Indian Army officer (1970–2001)

Naik Rambeer Singh Tomar, AC (15 August 1970 - 18 October 2001) was an Indian Army Non Commissioned Officer (NCO) with the 15th Battalion of the Kumaon Regiment. For his bravery, he was posthumously awarded the Ashoka Chakra, the highest peace time military decoration in India.

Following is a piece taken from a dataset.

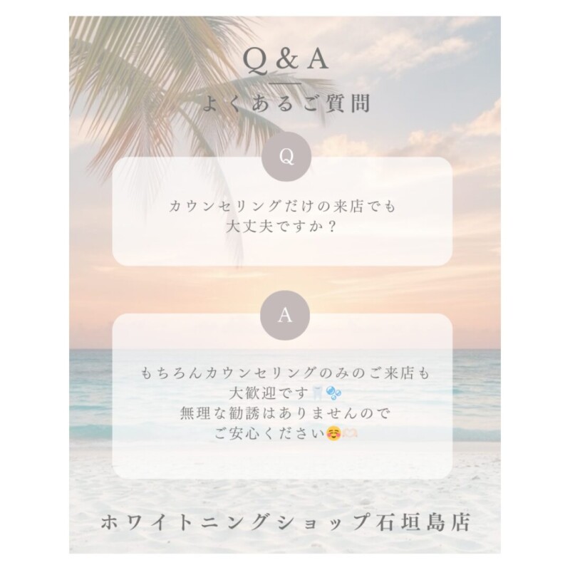 A. もちろんカウンセリングのみのご来店も大歓迎です🦷🫧無理な勧誘はありませんのでご安心ください☺️🫶🏻

While being sent on deputation to 26 Rashtriya Rifles in Jammu and Kashmir, Tomar single-handedly searched a house for terrorists. In the process, he killed four of them but sustained severe gunshot wounds and succumbed to his injuries.

== Early life ==
Naik Rambeer Singh Tomar was born on 15 August 1970, in the family of Hon. Captain Rajendra Singh Tomar (15 kumaon) and Urmila Devi in village Prempura, Morena district in Madhya Pradesh. He had one younger sister and two brothers, both of them are serving in Madhya Pradesh Police. From very young age he excelled both in his studies and other skilled work.

==Military career==
On 28 July 1989, Naik Rambeer was recruited into the 15th Battalion of the Kumaon Regiment, a regiment known for its gallant soldiers and numerous battle honours.
Due to his dedication to his motherland, Naik Rambeer volunteered twice to 26 Rashtriya Rifles, deployed in Jammu and Kashmir for counterinsurgency operations.

==Doda Operation==
On 17 October 2001, Naik Rambeer Singh's unit received information about the presence of terrorists in a house in a village in Doda district which was located in its area of responsibility. A decision was taken by the security forces to launch a quick and well-coordinated operation to flush out the terrorists. The Ghatak Team (assault team) which Naik Rambeer Singh was part of, swung into action and set out to cordon off the suspected area. The terrorists on being surrounded and challenged opened fire at the troops. This resulted in a gun battle where the terrorists were firing from the safe locations inside the building.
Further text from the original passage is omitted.